TLDR general life updates, future plans

hi party people its the 3rd of march...1/4 of the year is over holy shit. ive been such a sleepy fuck. the weather is getting warmer and life is coming back outside. its nice to see and fills me with more energy than winter(?? can i really call what we had as winter???). i have so much to get under control in like 2 months

things are fine. like just stale fine. dealing with arm issues but im working around it anyways because the xray is a month away...lmfao. im doing more stretching and icing/heating my arm to hopefully help it until then. god is punishing me for my NEET era atm. so yay back to the capitlism grind!! 🦅🦅🦅

from here on i am going to refrain from my monthly doses of bitching about the same stuff on the web by limiting blog use to webdev and sharing stuff worth sharing. unless i transform it into something artistic, it does not need to be read. life briefings will be limited to the first blog of the month like this. so yep yep. heres march's bitch episode

my month's goal i MUST achieve is to get a job because i am nonstop getting the piss for being nonworking and not in classes right now. my right to complain and throw a fit about this isnt really there because well, i am a NEET right now. my progress is at a standstill to everyone. the circumstances on why are irrelevant and if i didnt want to hear it, id have to move out or do enough to prove im not wasting air. because i dont leave the house or desire a partner, i am a bum who does nothing and adds to nothing. ive gotten comments like this my entire life even when i was working or in classes (its never enough LOL) but dude its getting really fucking agitating right now because my sacrifices in the past is why im "nothing" right now. everday i feel so stupid for being a naive dickhead bc id be prepping for graduation right now!!!!!!!!! i dont get to be upset/angry/fussy until i regain the right to exhibit those aka being a productive living thing. obviously i dont think this dumbass way of thinking translates to others. this is such a fuckass way of thinking. productivity = worth of life. alot of things that = life worthy i am being reminded that "bro u deviating from the norm that you reject and that is shameful since its not the norm" and it genuinely is hard to stomach but im trying to not let it get to me in That way (must be cleansed and repent), but just. idk. take the shit and clean it off and keep moving forward.

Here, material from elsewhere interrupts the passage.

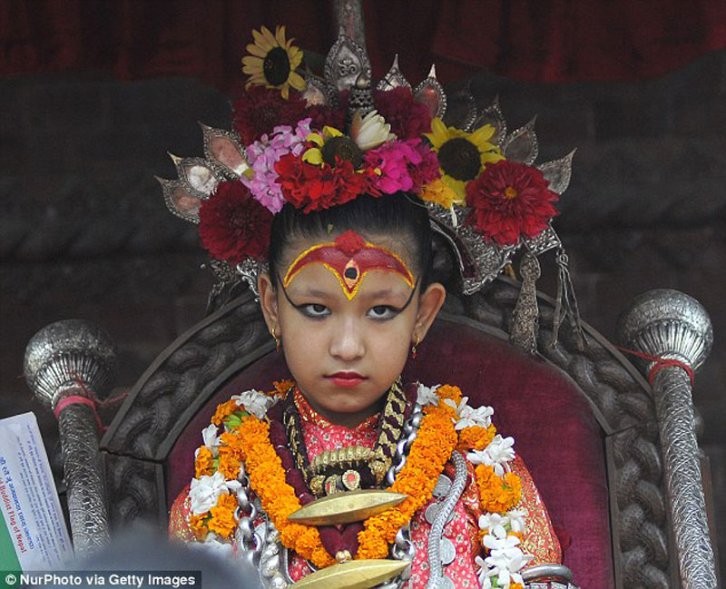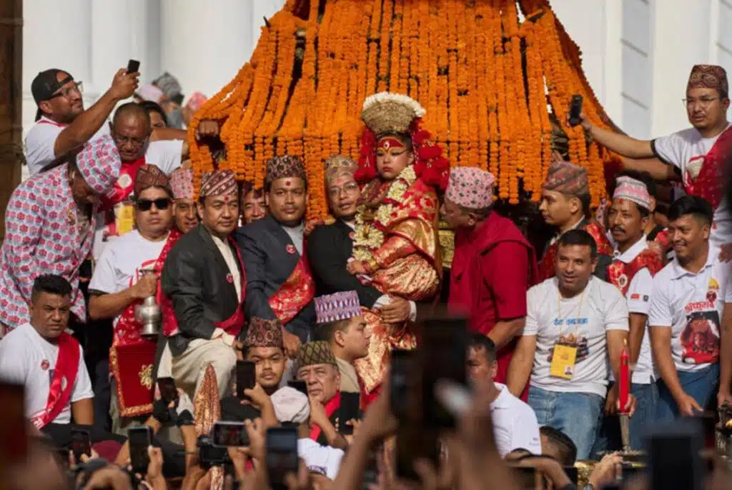 האלה החיה החדשה והמקודשת שלה סוגדים הינדים ובודהיסטים כאחד, היא ילדה בת שנתיים. היא נישאה על ידי בני משפחתה מביתם בסמטה צרה בקטמנדו, נפאל, עד לארמון המקדש קומארי גאר, בטקס הינדי הארוך והמשמעותי ביותר במדינה.

i will probably spend the night washing and doing my hair to try to boost a bit of self esteem (its something im trying to keep up doing more often. both for myself and to shut everyone up). paint nails idk. i realize prepping the body to look nice keeps people from being assholes. i love being taught the ways of the world!

anyways the site is something making me happy to work on everyday, so yeah ill keep updating regularly.